--- Dataset ---
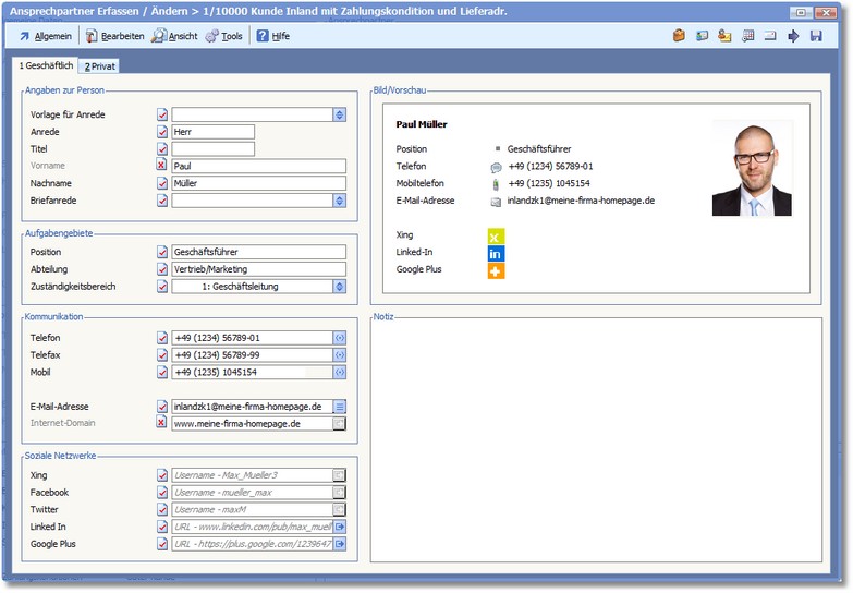 Hier werden die gespeicherten Daten des Ansprechpartners in Visitenkartenform dargestellt.
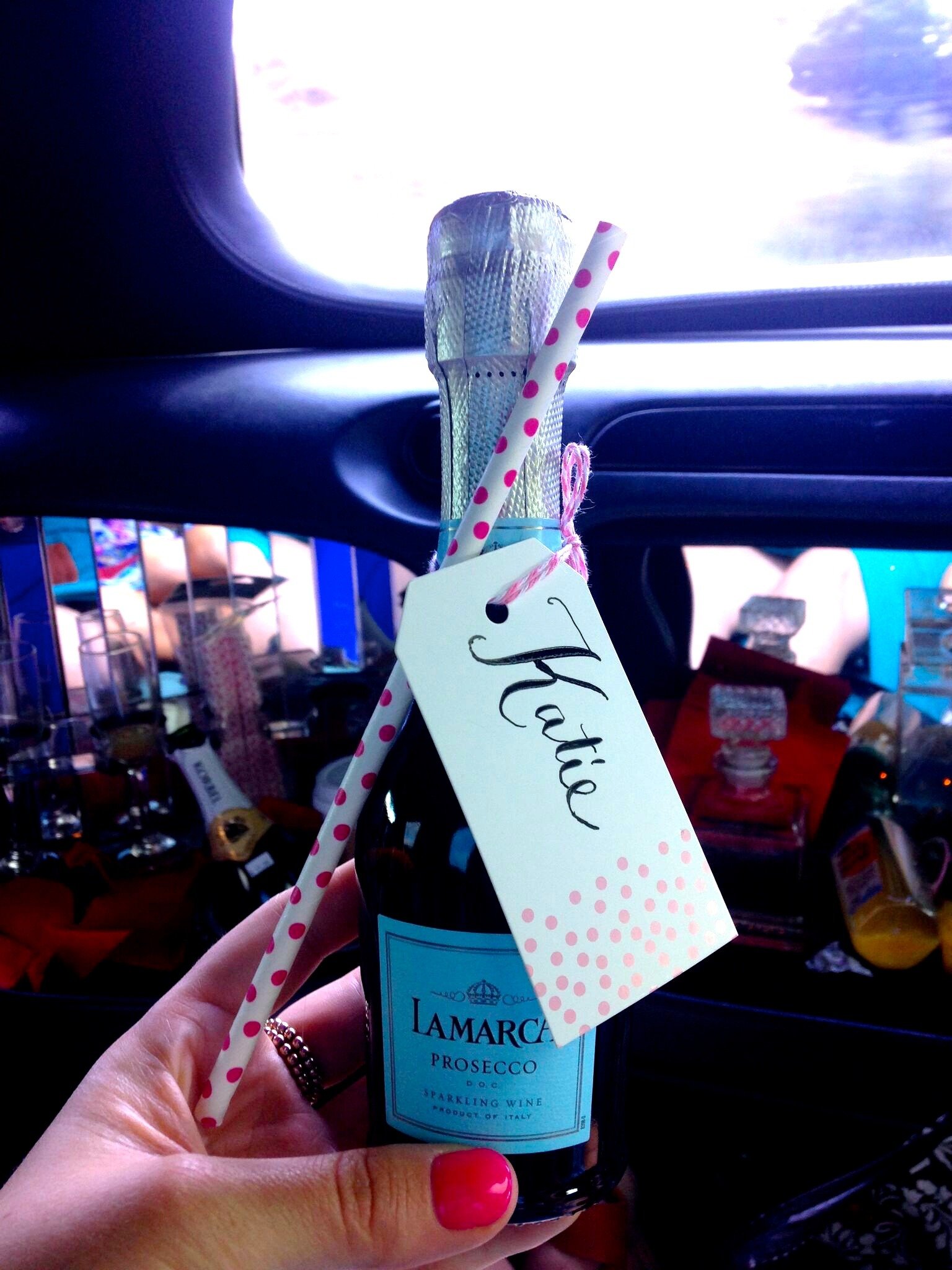 You really don’t need to bring much! I gave all of the girls mini champagne bottles that my roommate calligraphied as a little party favor. We had the bride wear a tiara and sash and then I brought about 3 bottles of champagne and a thing of OJ. The limo also provided a bottle of champagne, flutes, OJ and tons of waters. I didn’t bring snacks because we ate breakfast before we left and had lunch while we were there. Just bring your camera and be prepped for some fun!!
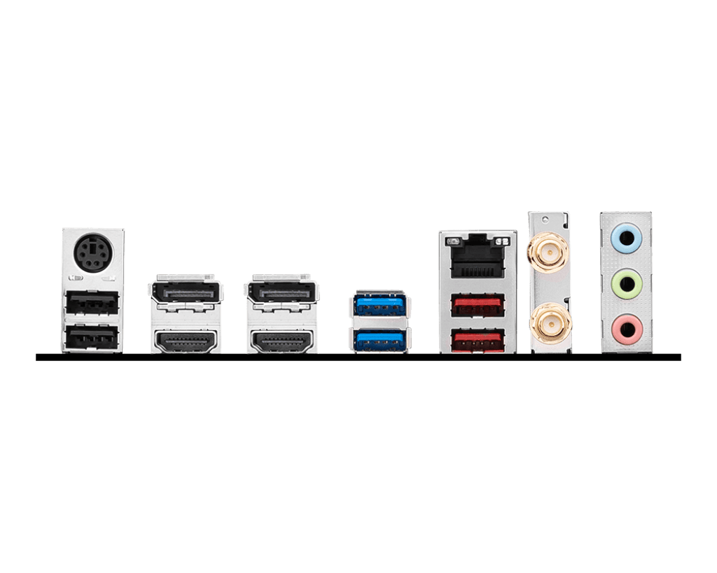 • USB Ports: 6 × USB (2 × USB 2.0, 2 × USB 3.2 Gen 1, 2 × USB 3.2 Gen 2)
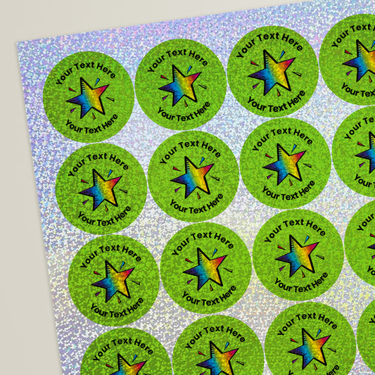 35 Personalised Holographic Rainbow Star Stickers - 37mm
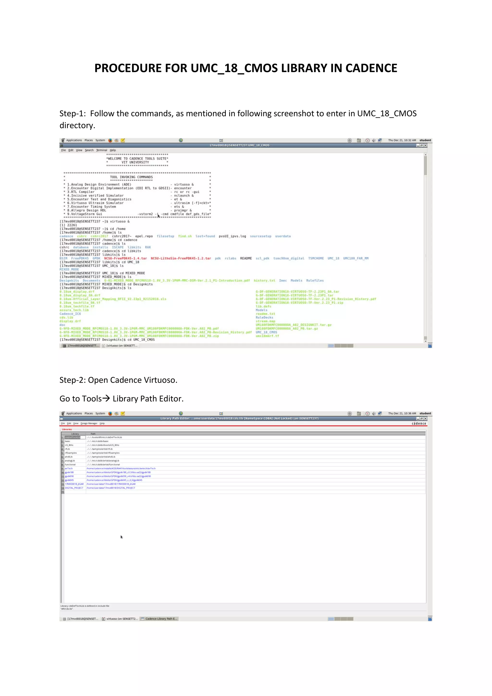 The document provides steps to add and use the UMC_18_CMOS library in Cadence: 1. Open Cadence Virtuoso and add the UMC_18_CMOS library by navigating to the highlighted path. 2. Create a new cell view and go to the model library setup to select the UMC spectre model library file. 3. Pick the NMOS and PMOS devices from the UMC_18_CMOS library and perform further circuit design and analysis steps as done previously with another library.
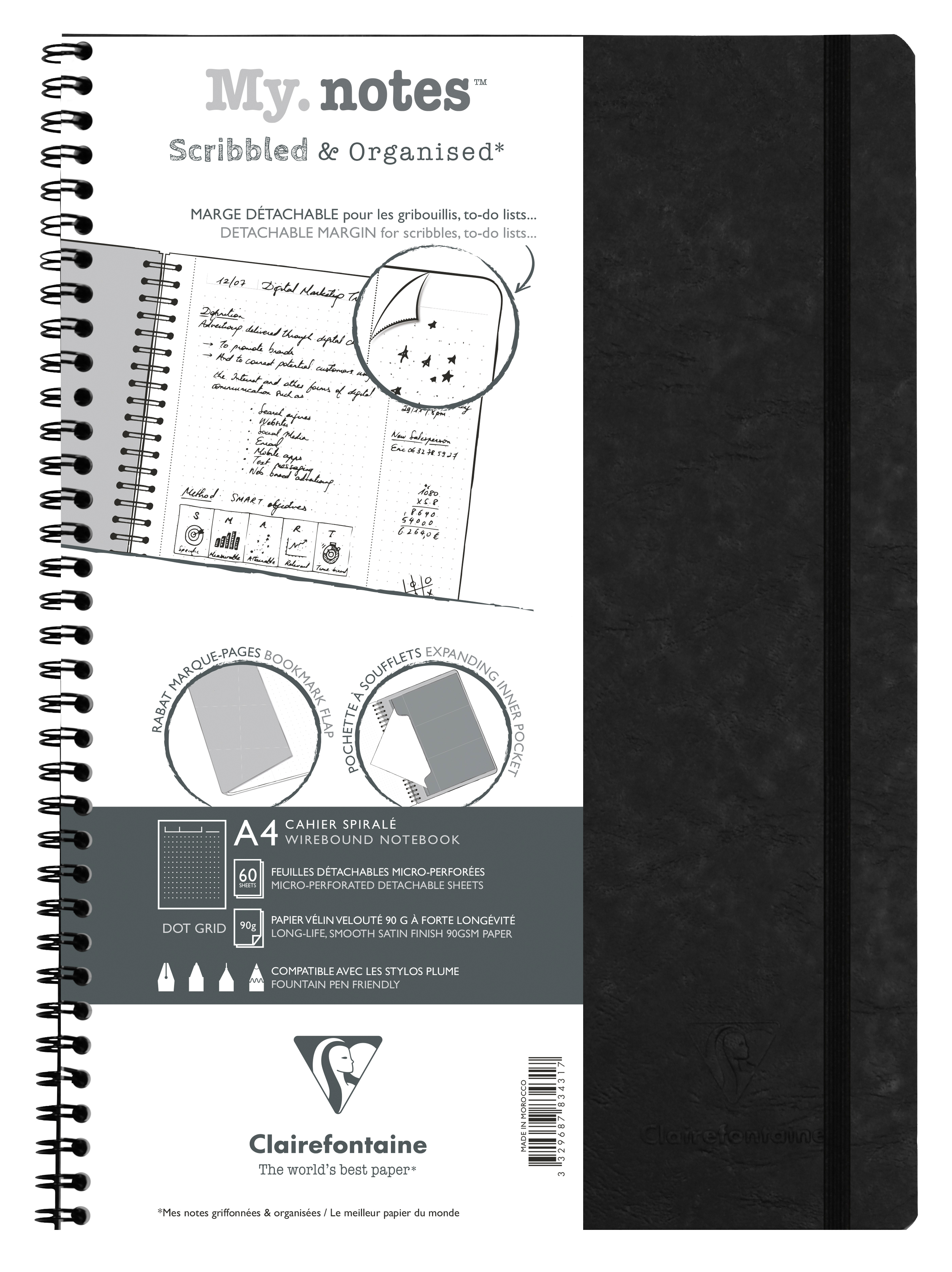 Clairefontaine, My.Notes Age Bag, Spiralheft A4, 60 Blatt 90g, DOT mit Kopfleiste, abtrennbar, mikroperforiert Heft mit abtrennbaren Rändern, um schlauer und organisierter zu kritzeln. Kritzeln Sie etwas am Rand (eine Telefonnummer bei einem A nruf, Kalku

--- Work order ---
Give an exact copy of the material, leaving out every picture.

--- Task output ---
 Hier werden die gespeicherten Daten des Ansprechpartners in Visitenkartenform dargestellt.
 You really don’t need to bring much! I gave all of the girls mini champagne bottles that my roommate calligraphied as a little party favor. We had the bride wear a tiara and sash and then I brought about 3 bottles of champagne and a thing of OJ. The limo also provided a bottle of champagne, flutes, OJ and tons of waters. I didn’t bring snacks because we ate breakfast before we left and had lunch while we were there. Just bring your camera and be prepped for some fun!!
 • USB Ports: 6 × USB (2 × USB 2.0, 2 × USB 3.2 Gen 1, 2 × USB 3.2 Gen 2)
 35 Personalised Holographic Rainbow Star Stickers - 37mm
 The document provides steps to add and use the UMC_18_CMOS library in Cadence: 1. Open Cadence Virtuoso and add the UMC_18_CMOS library by navigating to the highlighted path. 2. Create a new cell view and go to the model library setup to select the UMC spectre model library file. 3. Pick the NMOS and PMOS devices from the UMC_18_CMOS library and perform further circuit design and analysis steps as done previously with another library.
 Clairefontaine, My.Notes Age Bag, Spiralheft A4, 60 Blatt 90g, DOT mit Kopfleiste, abtrennbar, mikroperforiert Heft mit abtrennbaren Rändern, um schlauer und organisierter zu kritzeln. Kritzeln Sie etwas am Rand (eine Telefonnummer bei einem A nruf, Kalku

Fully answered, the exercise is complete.